There is an immediate need to hold municipalities accountable to value water, distribute it efficiently, augment water harvesting sources, and treat and reuse wastewater. Water is not valued till users pay for the water they use. Without measuring the water flow in pipes at every stage of distribution, efficient management is unsustainable. In the absence of it, leakages become the main reason for inefficiency and wastage, and thus the system pays a very high cost for the inefficient distribution. Historically, the vertical program and the ‘supply driven service model,' viewed as a humble recipient of state-generated largesse has been challenging to reverse. The solution to the groundwater crisis lies in micro-level water management practiced by decentralised communities. Therefore, bottom-up planning plays a vital role in assuring water security. 

Against this background, the CORP seminar would elucidate the decentralized community management of water resources and supply systems as adopted by the Water and Sanitation Management Organisation (WASMO), Government of Gujarat. Through these deliberations, we hope to be more attuned to the challenges of subsidiarity-led management and cull out ground-driven insights to better inform the multi-faceted planning that urban and rural water security will need in the time to come.

The seminar will commence with a 45-minute presentation followed by a 45-minute discussion.

About the Speaker

Ramesh Kumar Sama is a former Project Director, Water and Sanitation Management Organisation (WASMO), Government of Gujarat.
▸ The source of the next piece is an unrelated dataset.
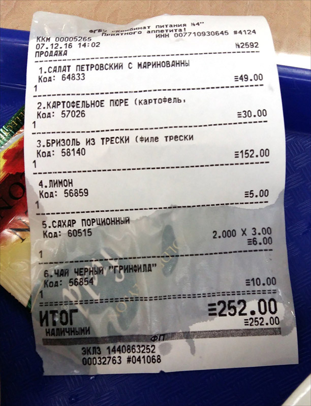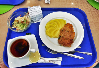 Каково же оно на вкус, спросите вы? Да обычное, это же столовая, а не ресторан. В салате с маринованными ингредиентами явно лишние свежие веточки, но это я придираюсь; пюре из нормальной картошки, лимон подсохший, треска — ничего нового. Да, и поднос потом на ленту не забыть поставить.

WASMO has established a decentralised community managed water supply system in around 14000 villages in the state of Gujarat. He was a part of the team which pioneered social forestry in the country during his tenure in the Indian Forest Service. He was instrumental in preparing the strategy for drought proofing and grounded watershed development approach in Gujarat.

He has authored many books and evaluation reports on various Natural Resource Management issues. More recently, he has authored a book titled 'Footprints of Development' which recounts his fifty-five year long journey in Natural Resource Management.

He is presently a trustee of DHRUVA and GRISERV (BAIF) and SHROFFS Foundation Trust, Vadodara. These foundations work for tribal development.

The seminar is open to all and will be followed by tea and snacks.

You are requested to RSVP at sci-fi@cprindia.org


CORP Seminar Series
This is the 20th in a series of the Community of Research and Practice (CORP) seminar hosted by the Scaling City Institution for India: Sanitation (SCI-FI: Sanitation) initiative with the support of Bill and Melinda Gates Foundation (BMGF). This seminar series seeks to provide a platform for discussing the experiences of the researchers and practitioners on urban sanitation. 

Scaling City Institutions for India: Sanitation (SCI-FI): Sanitation is a research programme at the Centre for Policy Research (CPR) on inclusive and sustainable urban sanitation. In the programme, we seek to understand the reasons for poor sanitation, and to examine how these might be related to technology and service delivery models, institutions, governance and financial issues, and socio-economic dimensions. The programme seeks to support national, state and city authorities develop policies and programmes for intervention with the goal of increasing access to safe and sustainable sanitation in urban areas. The SCI-FI: Sanitation programme is  funded by the BMGF.